В интервью It’s My City накануне своей последней лекции он рассказал, как на русский язык влияют наказания за слова, как речь пытаются очистить от заимствований с помощью новых законов и почему это пока не получается. А ещё о том, можно ли избавиться от современного новояза и сможем ли мы быстро забыть все внешне навязанные языковые ограничения, как было после распада СССР.

  • Максим Анисимович Кронгауз — советский и российский лингвист, доктор филологических наук, профессор РГГУ и НИУ ВШЭ. Автор научно-популярных книг «Русский язык на грани нервного срыва», «Самоучитель Олбанского», «Слово за слово. О языке и не только», научных монографий и учебников. Лауреат премии «Просветитель» «за беззаветное служение делу Просветительства».

«Если кто-то допустит ошибку в школе, это будет нарушением закона»

— Со стороны кажется, что состояние русского языка всегда вызывает только тревогу. Ломоносов боролся против заимствований, Чуковского беспокоило засилье канцелярита, сейчас у нас спорят обо всём сразу. А есть ли в языке хоть что-то, что определенно изменилось или меняется в лучшую сторону?

— К сожалению, это нормальная ситуация, когда все недовольны языком, причем именно современным! Вспоминают стихотворение Тургенева о великом и могучем, но никогда не радуются тому, что происходит здесь и сейчас.

Например, вечная проблема заимствований — кто-то ими недоволен, а кто-то считает, что это вполне нормальное явление, что есть влияние глобальной культуры, которую мы воспринимаем через английский язык. Мне кажется, что люди в основном привыкли к заимствованиям и научились с ними справляться, это уже не вызывает такой оторопи, как в 1990-е годы, когда только хлынул этот поток.

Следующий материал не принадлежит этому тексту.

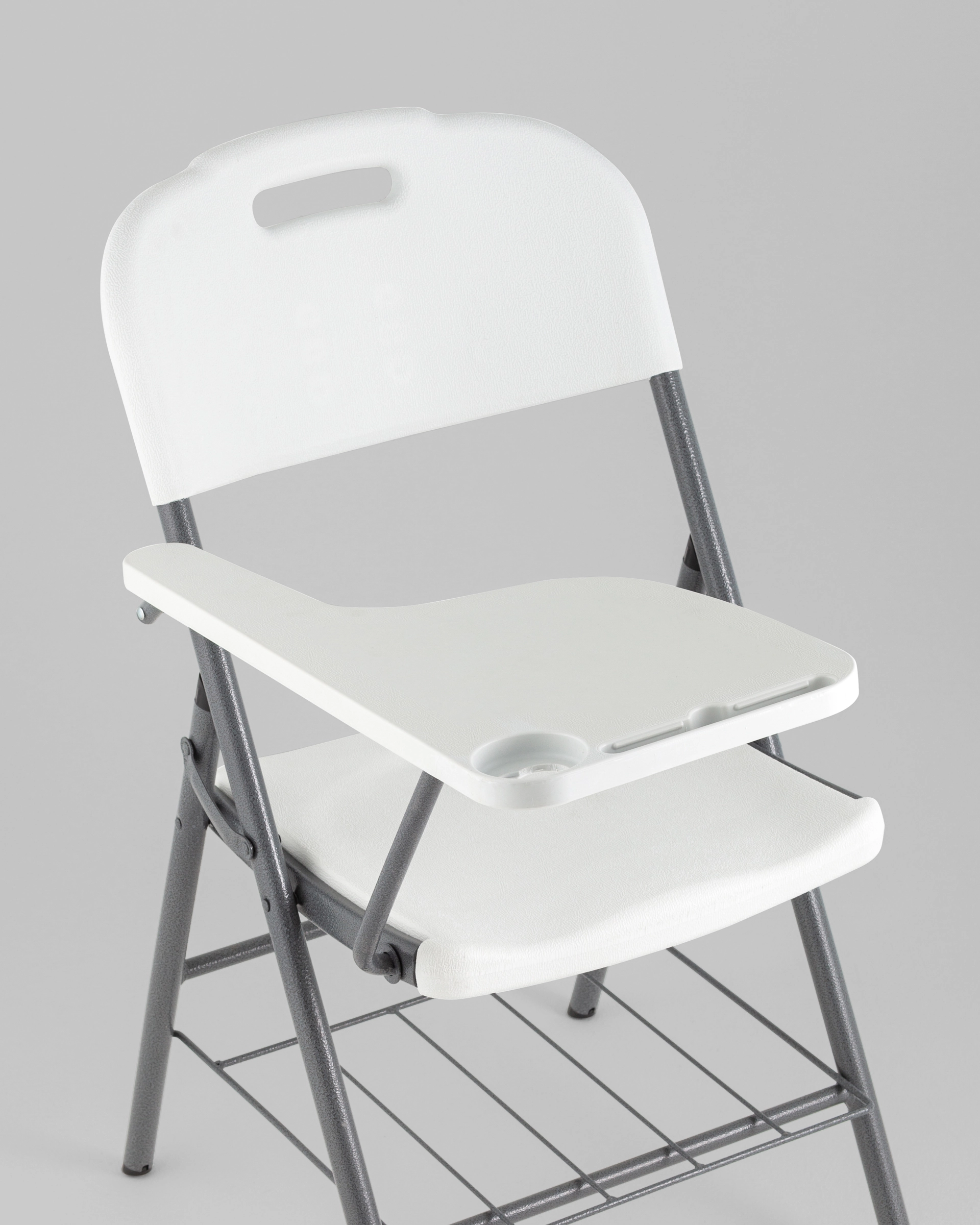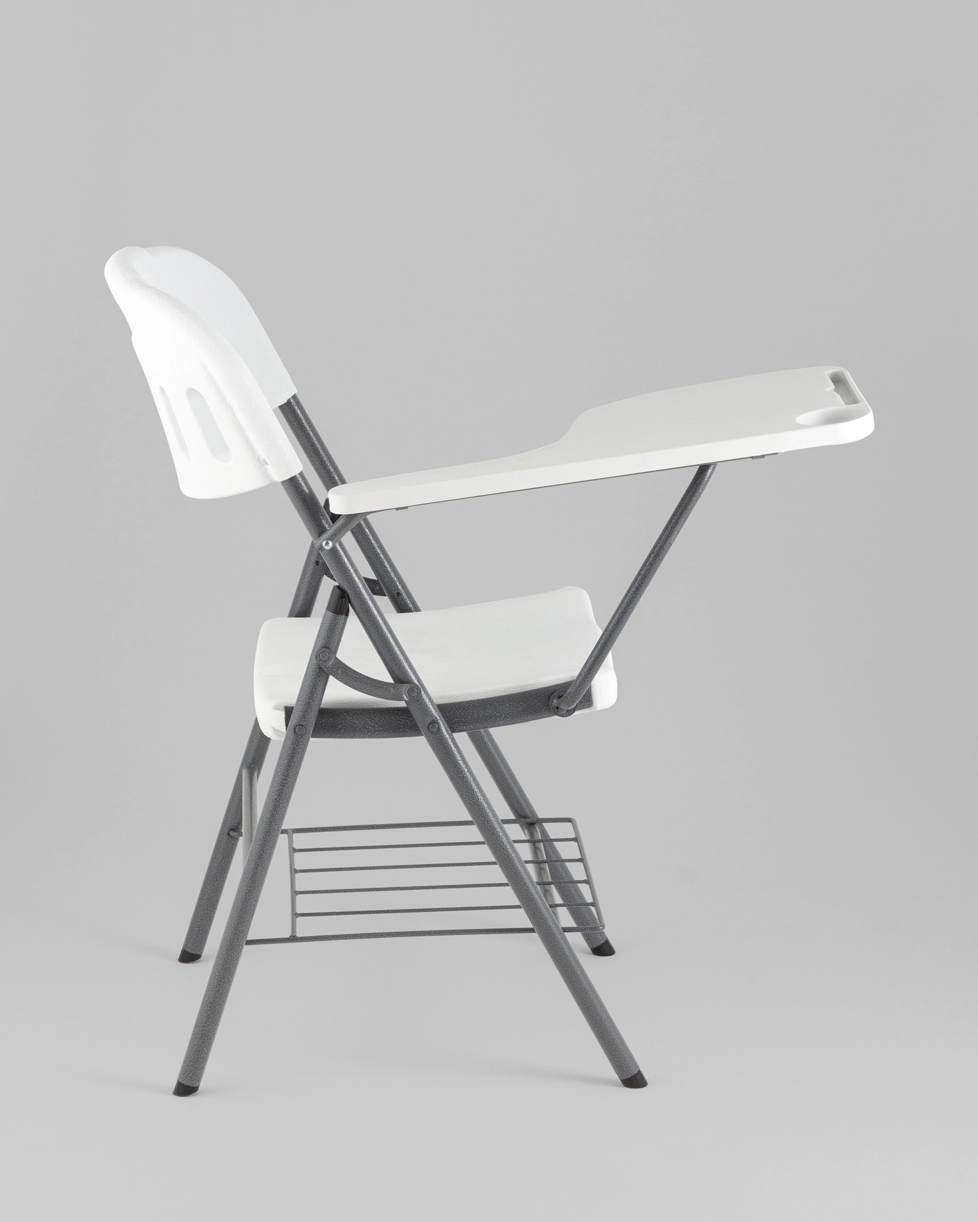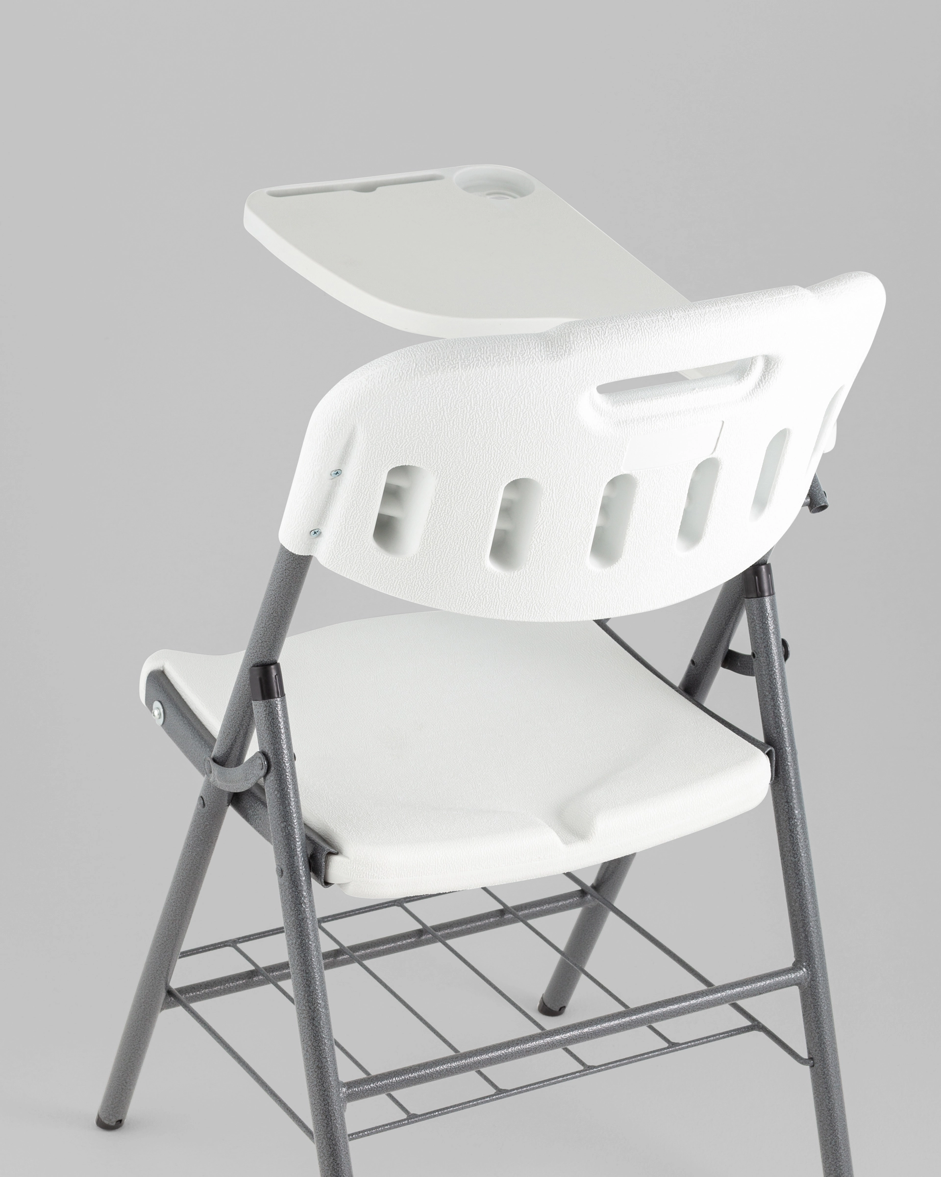 Дизайн и комфорт.Стул имеет современный стиль и лаконичный белый цвет, что делает его универсальным для любого интерьера. Ножки с серебристым покрытием создают легкий контраст с сиденьем. Модель обладает широкой спинкой и удобной посадкой, что гарантирует комфорт даже при длительном сидении. Особенностью данной модели является наличие складного столика, который можно использовать как для работы, так и для приема пищи. Столик закреплен с правой стороны стула и легко раскладывается при необходимости, что делает его идеальным для мероприятий, где требуется дополнительная поверхность. Полка под сиденьем предоставляет удобное место для хранения вещей, добавляя дополнительную функциональность.

А новые вопросы связаны с политкорректностью, с попыткой замен разного рода неполиткорректных слов. Не все это принимают, по этому поводу ведутся ожесточённые споры. Это противостояние разных идеологий, которое происходит и в обществе, и в языке.

— В 2018 году в одном из интервью вы говорили, что как раз политкорректность — самый мощный процесс, провоцирующий изменения в языке. Её роль и сейчас осталась такой же?

— Я думаю, что поменялась, потому что часть активных с этой точки людей и СМИ уехала, и их влияние на русский язык в России стало меньше. Даже дискуссии в последнее время стали менее острыми, потому что некому дискутировать. Можно сказать, что произошло разделение русских языков, он распределился по разным площадкам, по разным сообществам.

Одна часть более консервативная — это, собственно, территория России с новыми ограничениями, новым ужесточением регулирования языка. В частности, с помощью поправок в Закон о государственном языке.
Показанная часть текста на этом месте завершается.